Output every entry exactly as written, but omit the pictures.

START Information shown

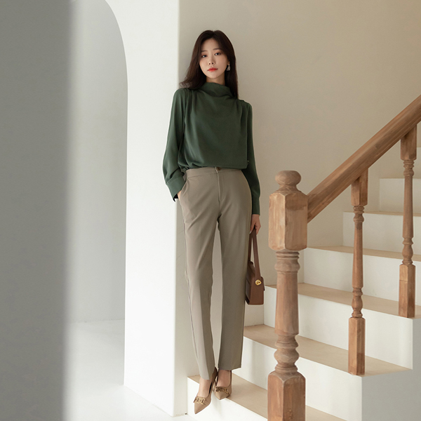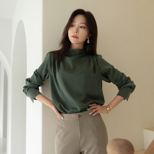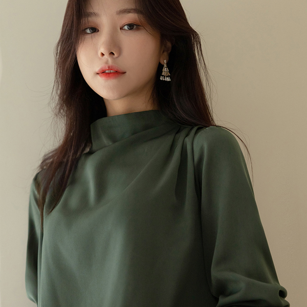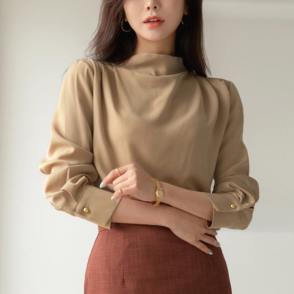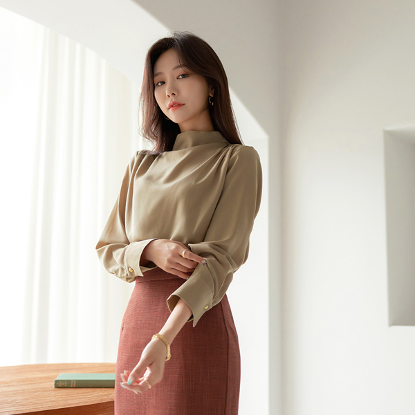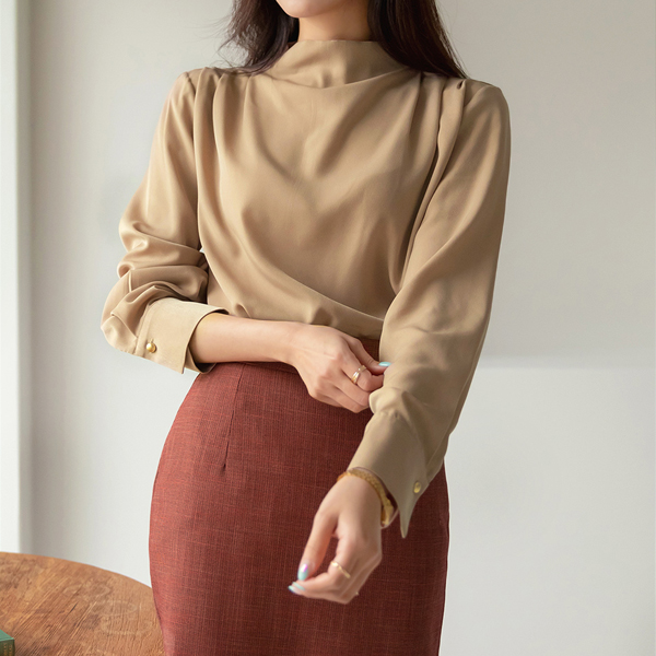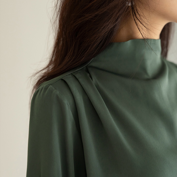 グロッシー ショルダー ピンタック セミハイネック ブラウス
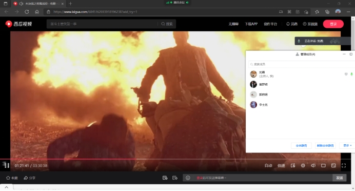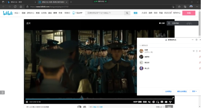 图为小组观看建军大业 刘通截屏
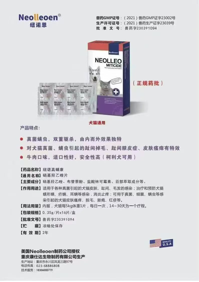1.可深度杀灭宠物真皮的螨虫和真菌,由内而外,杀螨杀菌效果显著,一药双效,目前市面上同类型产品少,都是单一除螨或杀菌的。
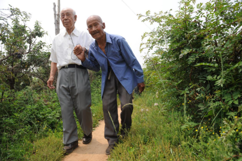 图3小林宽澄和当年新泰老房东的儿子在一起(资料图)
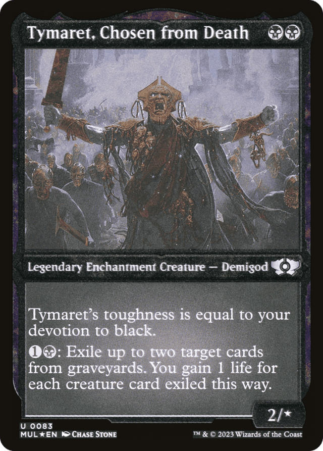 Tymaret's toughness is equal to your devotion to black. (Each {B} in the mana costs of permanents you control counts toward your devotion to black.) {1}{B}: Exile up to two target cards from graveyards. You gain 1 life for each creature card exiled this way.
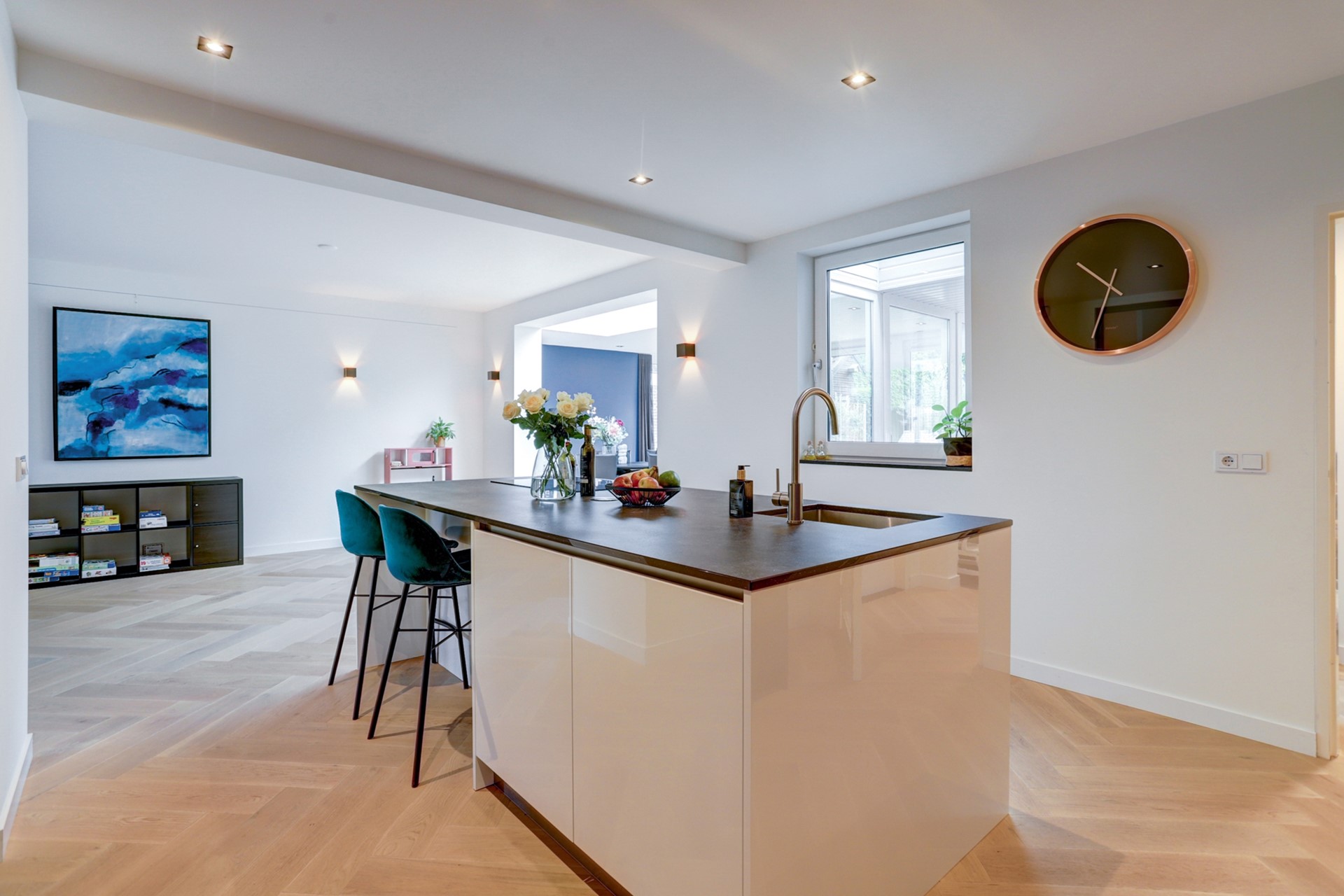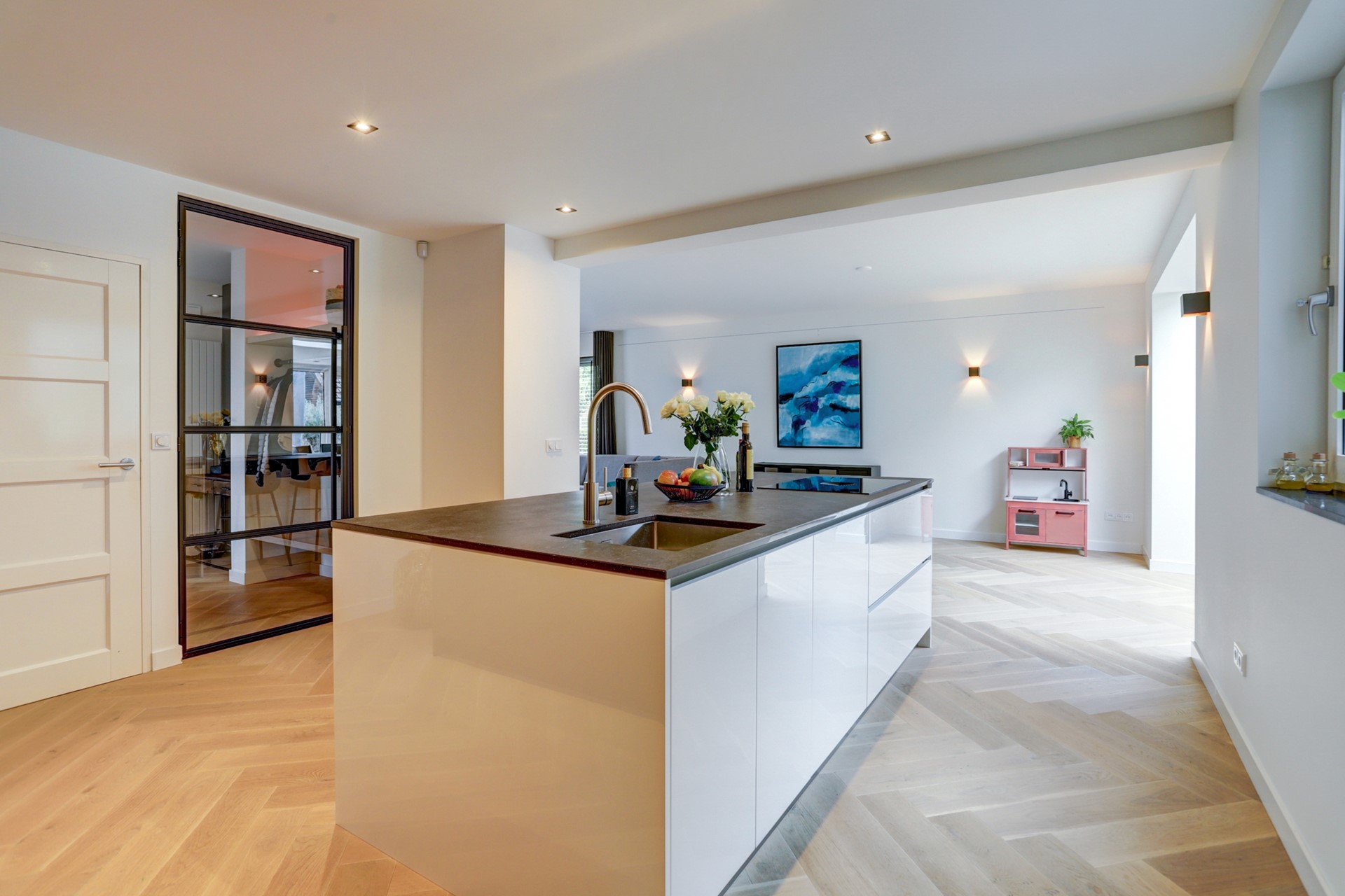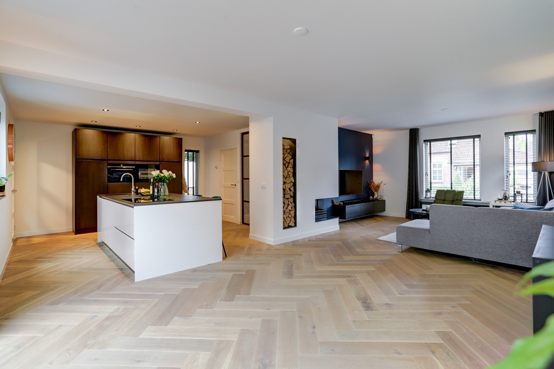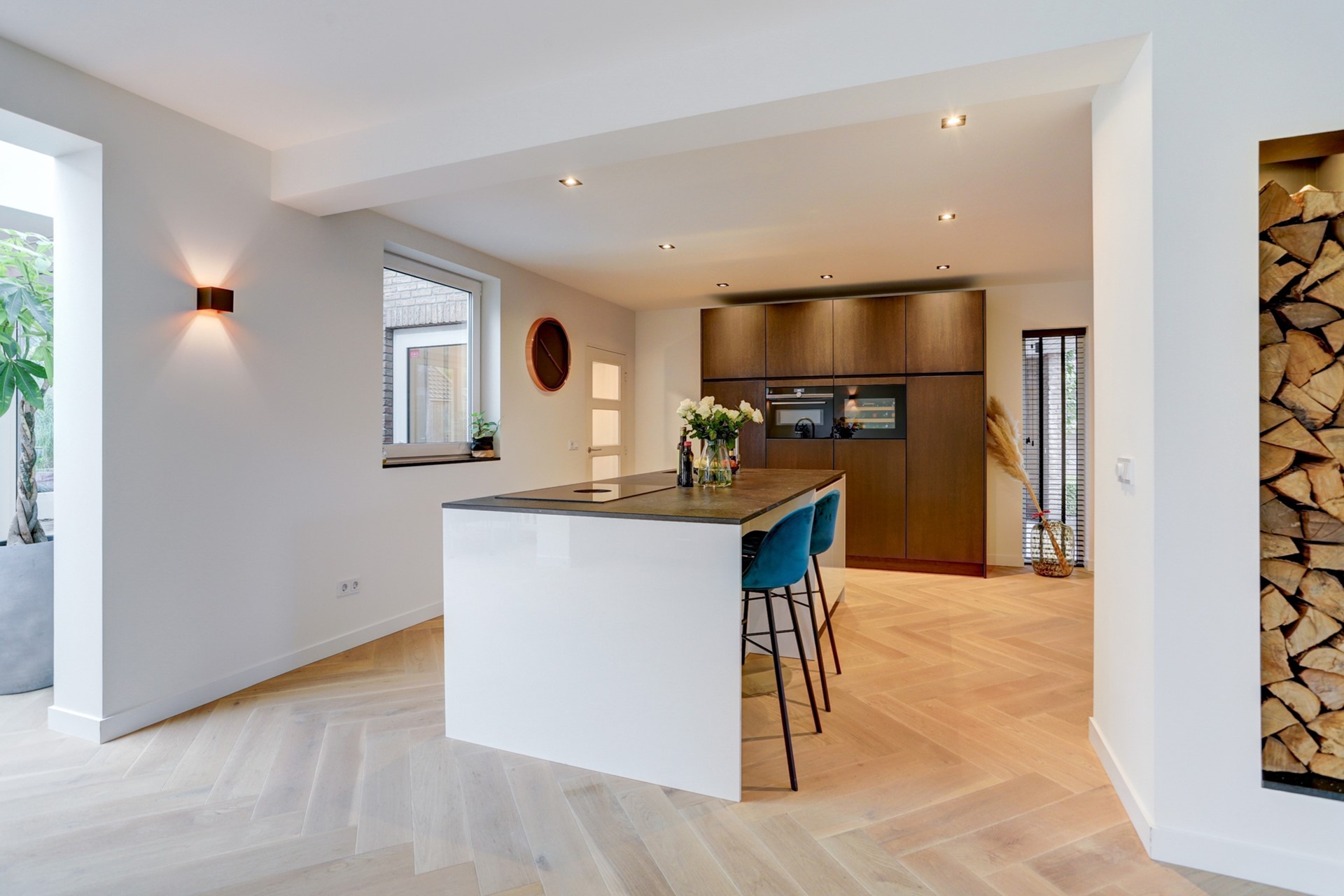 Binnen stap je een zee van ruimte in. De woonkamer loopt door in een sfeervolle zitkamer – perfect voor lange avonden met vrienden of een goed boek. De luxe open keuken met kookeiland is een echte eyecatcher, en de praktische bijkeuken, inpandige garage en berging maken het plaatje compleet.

END Information shown

## Exercise solution
 グロッシー ショルダー ピンタック セミハイネック ブラウス
 图为小组观看建军大业 刘通截屏
1.可深度杀灭宠物真皮的螨虫和真菌,由内而外,杀螨杀菌效果显著,一药双效,目前市面上同类型产品少,都是单一除螨或杀菌的。
 图3小林宽澄和当年新泰老房东的儿子在一起(资料图)
 Tymaret's toughness is equal to your devotion to black. (Each {B} in the mana costs of permanents you control counts toward your devotion to black.) {1}{B}: Exile up to two target cards from graveyards. You gain 1 life for each creature card exiled this way.
 Binnen stap je een zee van ruimte in. De woonkamer loopt door in een sfeervolle zitkamer – perfect voor lange avonden met vrienden of een goed boek. De luxe open keuken met kookeiland is een echte eyecatcher, en de praktische bijkeuken, inpandige garage en berging maken het plaatje compleet.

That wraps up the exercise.